Asisten I Bidang Pemerintahan dan Kesejahteraan Rakyat Setkab PPU Nicko Herlambang, Rabu (1/5), memberi deadline (batas waktu) penyelesaian finishing tersebut tiga minggu dihitung mulai awal bulan ini hingga tiga pekan ke depan. Tujuannya, agar gedung sekolah di tepi Jalan Propinsi, Kilometer 3, Penajam, itu segera dapat difungsikan, agar 292 muridnya yang pindah belajar sejak setahun lalu ke SD 003 Penajam bisa kembali belajar di sekolah ini.
Batas waktu ini, kata Nicko Herlambang, juga bagian dari harapan Penjabat (Pj) Bupati PPU Makmur Marbun agar sekolah ini bisa difungsikan dalam waktu dekat. “Saya kira mereka bisa menyelesaikannya sebelum batas waktu tiga minggu,” katanya.
Koran ini, Rabu (1/5), bertandang ke gedung sekolah yang kini terdiri dari dua lantai itu, dan menyaksikan beberapa pekerja tampak sedang memperbaiki jendela, dan melakukan pengecatan ulang pada dinding sekolah.

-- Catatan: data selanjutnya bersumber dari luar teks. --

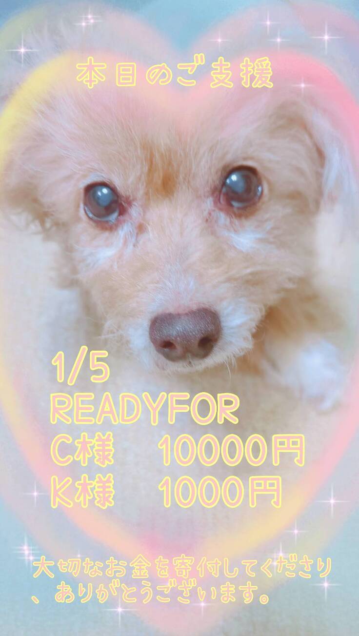 ご支援金は全て、ちゃわの手術費、入院費、通院費に充てさせて頂きますので、リターンに費用を掛けられず、申し訳ございません。

Saat mereka ditanya media ini terkait penanggung jawab pekerjaan mereka memberi nomor seluler atas nama Firdaus sebagai koordinator pekerja. “Kalau kami diberi batas waktu tiga minggu bisa saja menyelesaikannya, tetapi harus dengan cara menambah jam kerja dan jumlah pekerja,” kata mereka.
Firdaus saat dikonfirmasi media ini mengatakan tak ada masalah apabila pihaknya diberi tenggat waktu menyelesaikan pekerjaan yang ditanganinya selama tiga minggu. Dia menerangkan, dirinya bukan kontraktor, tetapi hanya ditunjuk melalui program swakelola untuk menyelesaikan sisa pembangunan sebelumnya. “Kami ini hanya tukang dan membantu Disdikpora untuk merampungkan agar anak-anak segera bisa menempati sekolahnya. Kami ini hanya dibayar sebagai tukang saja,” kata Firdaus.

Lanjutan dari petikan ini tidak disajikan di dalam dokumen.